Bond's baddie this time -- using the word nemesis would be laughably inaccurate -- is a mercenarial businessman called Dominic Greene, a so-called environmentalist but actually a man working for Quantum, the global terror organisation that literally has people everywhere. It's the new S.P.E.C.T.R.E, just that nobody knows about it yet. Obviously, it'll provide villainjuice to the next few Bond flicks.
Greene is played by fantastic French actor Mathieu Amalric, last seen taking our breath away in the wonderful The Diving Bell And The Butterfly. Bereft of scars or monocles, Amalric plays Greene with a constant sneer and an aura built up of unadulterated condescension, and while he is a very effective screen villain, he ends up severely shortchanged when pitted against a characteristically lucky Bond.
So all action, too few words. Fair enough, but more than half of you are wondering why the women haven't been mentioned yet. Okay then. Judi Dench plays M, and as if her schoolmarm role in Casino Royale wasn't patronising enough, here she actually travels across the world following Bond and spouting trite lines about trust.
There is one nice bit, though, where James refers to her as a friend who likes to believe she's his mother. When she's on screen, though, you wish the shots aimed at her would emerge fatal.
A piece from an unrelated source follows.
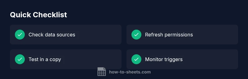 Follow this sequence to resolve the most frequent issue: 1) Refresh the page and re-authenticate connections. 2) Verify permissions for all external data sources and ensure the source is accessible. 3) Inspect formulas for errors or circular references. 4) If using Apps Script, review triggers and logs. 5) Duplicate the sheet to determine if the problem is workbook-specific.

Oh, you weren't talking about her? Heh. The ravishing Olga Kurylenko is one of the hottest Bond girls of all time -- don't believe her misleading initials -- and can comfortably juggle guns and spinning cars alongside her ever-breathtaking look. Granted, the tan's a bit dodgy, but Olga holds her own against James to the extent that the two hardly share anything physical -- even as their chemistry crackles like a wildfire. Her vaguely Russian-Bolivian accent even makes her Oren-Ishii backstory almost bearable.
It is with the Gemma Arterton character, however, that true heartbreak lies. Not just is she a sexy two-line appearance worthy of much more, and consigned to an abrupt end because Olga's the official Bondgirl in charge, but she's a hackneyed character devised to make James feel guilty for having, um, his way with her.
Between Genna's Ms Fields and Olga's Camille -- we're wondering where the trademark Bondgirl-naming humour has vanished. Even Vesper Lynd was a subtle stand-in for West Berlin, Ian Fleming punning on the fact that a British agent could possibly pine for half a German city.
And it is only with the end-credits that we realise what Ms Fields' first name is; in a dash of Liverpudlian lunacy, she's named Strawberry. Leaving that priceless, cheeky bit out symptomises all that is wrong with Quantum Of Solace.
It's a fine actioner, but James Bond deserved more charm.